I have attached a jpg of the curve.

Rivet -

While it's not clear what you're trying to accomplish, there are many formulas to give you something like what you're showing.

Try (for x>0) y=1/x.

Cheers.

Charlie,

Thanks for the reply. I have attached a FMP file which might help.

I am trying to plot numbers from start to zero through

a number of step that will represent a curve.

I would like

curve.zip

y = 200/x for all x > 0

y will never touch 0, but will get infinitely closer.

Rivet,

Unfortunately I don't have version 7 and the trial has expired so wasn't able to look at your attachment. But your curve could be generated using a displaced parabola. Consider the equation:

y = ( ( x - n ) ^ 2 ) / n

Where the ^ symbol represents 'to the power of' and

n is the number of steps.

So for n=10 the (x,y) pairs are:

(0 , 10) , (1 , 8.1) , (2 , 6.4) , ... , (8 , 0.4) , (9 , 0.1) , (10 , 0).

Cheers,

John.

Thanks guys, I am almost there... now can I have it so the 'y' starts at 200 and curves to 0 in ten steps?

Rivet,

Change the parabola to:

y = ( ( x - n ) ^ 2 ) * a

where a is the factor of n^2 that gives the sarting value of y. So for n=10 (10 steps), at x=0 (the starting value of x), set a = 2 to make y = 200. I had assumed, god knows why, that you wanted the y (for x=0) to be the same as x (for y=0). Anyway, adjust the value of a accordingly to give whatever starting value for y you like.

Cheers,

John.

John, That did it... many thanks.

Sorry I dropped out of the thread - preoccupied. I'm glad to see that Math Club is alive and well on FMForums!
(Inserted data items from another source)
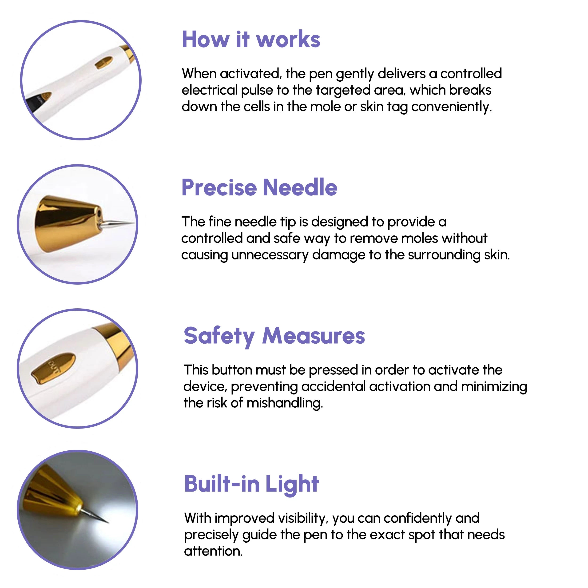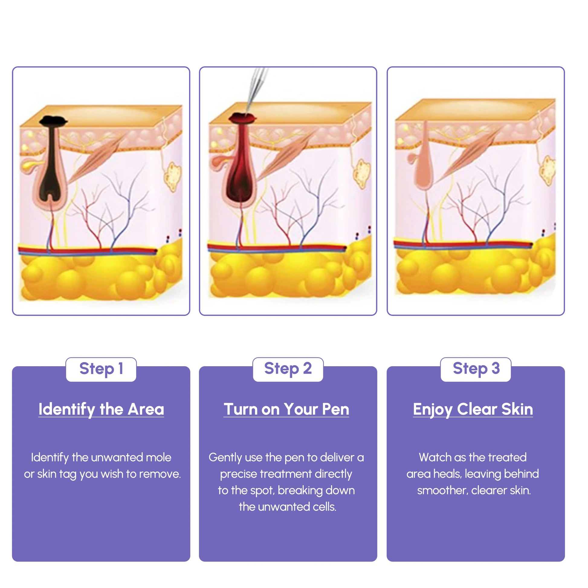 Our device is perfect for removing moles, skin tags, warts, age spots, blemishes, and even small tattoos. It’s a versatile solution for a variety of common skin concerns.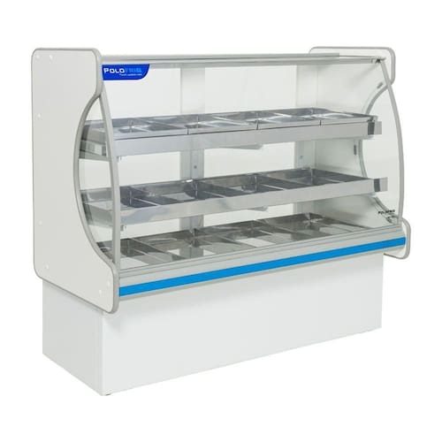Estufa 9 Bandejas Pop Luxo Polofrio Estufa 9 Bandejas Branca 220v Vitrine Estufa para salgados Polofrio: para exposição e conservação de alimentos quentes. Aquecimento por resistência. Regulagem por termostato analógico. Portas de correr em vidro. Pés reguláveis. Revestimento interno e externo em mdf. Disponível nas cores: branco ou preto. TEMPERATURA: até +60C. PRATELEIRAS: 4 níveis de grades em aramado reguláveis por portas. PESO: 77 Kg. POTÊNCIA: 920 W. CONSUMO: 14,72 kW/h. CAPACIDADE: 245 L. BANDEJAS: 4 de 460x280x35mm / 4 de 425x280x35mm/ 4 de 380x280x35mm. DIMENSÕES EXTERNAS (CxAxL): 850x115x61cm. Estufa POP Luxo Polofrio é na Atau. Marca - Polofrio Modelo - 5207 Capacidade - 245 L Frente - 85cm Altura - 1,15m Profundidade - 62cm Temperatura - até +60 C Peso - 62Kg Consumo - 14,72 Kw/h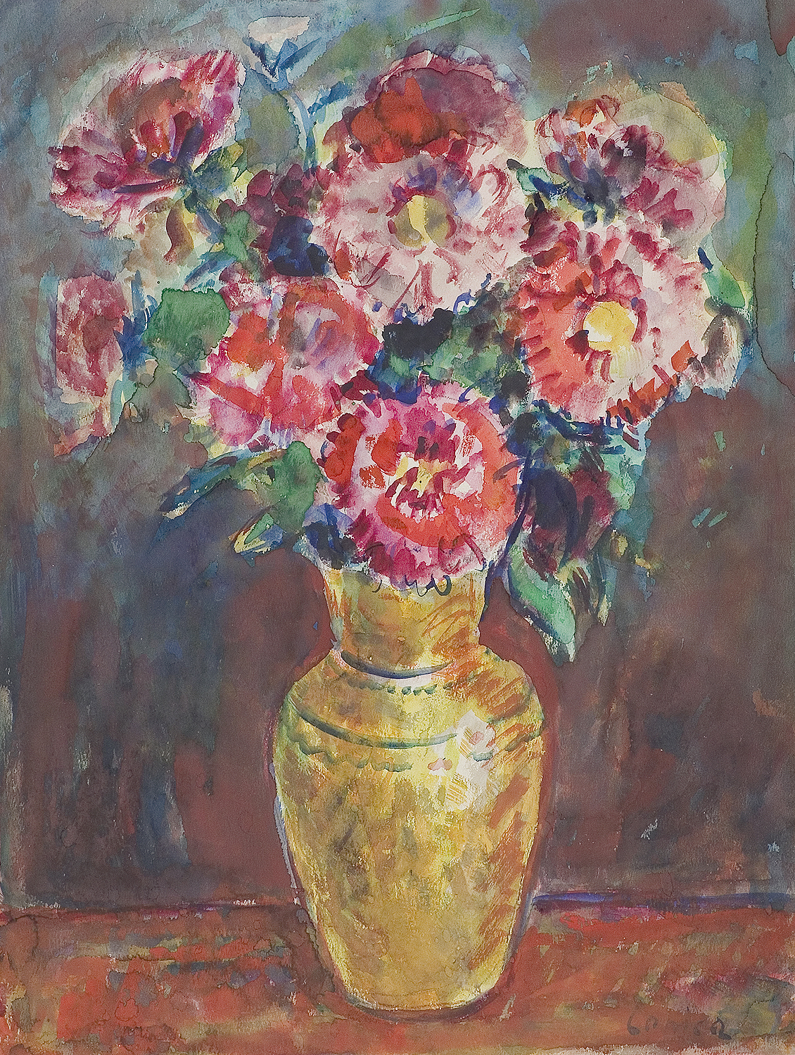 Alfred Lenica (Pabianice 1899 - Warszawa 1977) uczył się prywatnie rysunku i malarstwa w pracowniach Artura Hannytkiewicza i Piotra Kubowicza w Poznaniu (1925-1928). W latach 30. malował obrazy figuratywne, nawiązujące w stylistyce do kubizmu. Nieco później uległ wpływom surrealizmu, który, pomijając lata socrealizmu, stanie się dlań najpoważniejszym obszarem poszukiwań malarskich. Od połowy lat 40. utrzymywał stałe kontakty z kręgiem „Grupy Krakowskiej“, przyjaźnił się z Jerzym Kujawskim. Po przeniesieniu się do Poznania, w 1947 został współzałożycielem awangardowej grupy „4F+R“ (farba, forma, fantastyka, faktura + realizm). Jest autorem pierwszego polskiego obrazu taszystowskiego (Farby w ruchu, 1949, tempera). W okresie socrealizmu włączył się w nurt oficjalnej sztuki, pracując jednocześnie jako organizator życia artystycznego, prezes Okręgu Poznańskiego ZPAP (1948-1950) i jednocześnie kierownik Pracowni Sztuk Plastycznych tamże. W końcu lat 50. przeniósł się do Warszawy i również tu do 1969 pełnił kierownicze funkcje w ZPAP. W drugiej poł. lat 50. ponownie - po eksperymentach z lat 40. - uprawiał informel, malując chętnie techniką drippingu. Około 1958 wypracował indywidualny, charakterystyczny dlań styl wirujących, kolorowych, niekiedy kaligraficznie opracowanych form, które dynamicznie wypełniały pola obrazów. Tworzył je techniką zbliżoną do surrealistycznej dekalkomanii. Styl ten stał się znakiem rozpoznawczym artysty do końca życia. W swych obrazach nie unikał kształtów nawiązujących do form naturalnych (jego malarstwo nazywano „biologicznym“), a w latach 70. niekiedy włączał do kompozycji motywy figuralne. Wystawa retrospektywna artysty odbyła się w Galerii Zachęta w Warszawie w 1974.

How about a reverse of the formula? Curve from 0 - n

Rivet,

The reverse of your formula takes a little longer to work out ... eh eh ... no, I just dropped out of the forums for a while, as well.

To start y at zero, remove the displacement term to put the min value of the parabola back on the origin:

y = ( x ^ 2 ) * a

where a is the same as in the previous formula.

Cheers,

John.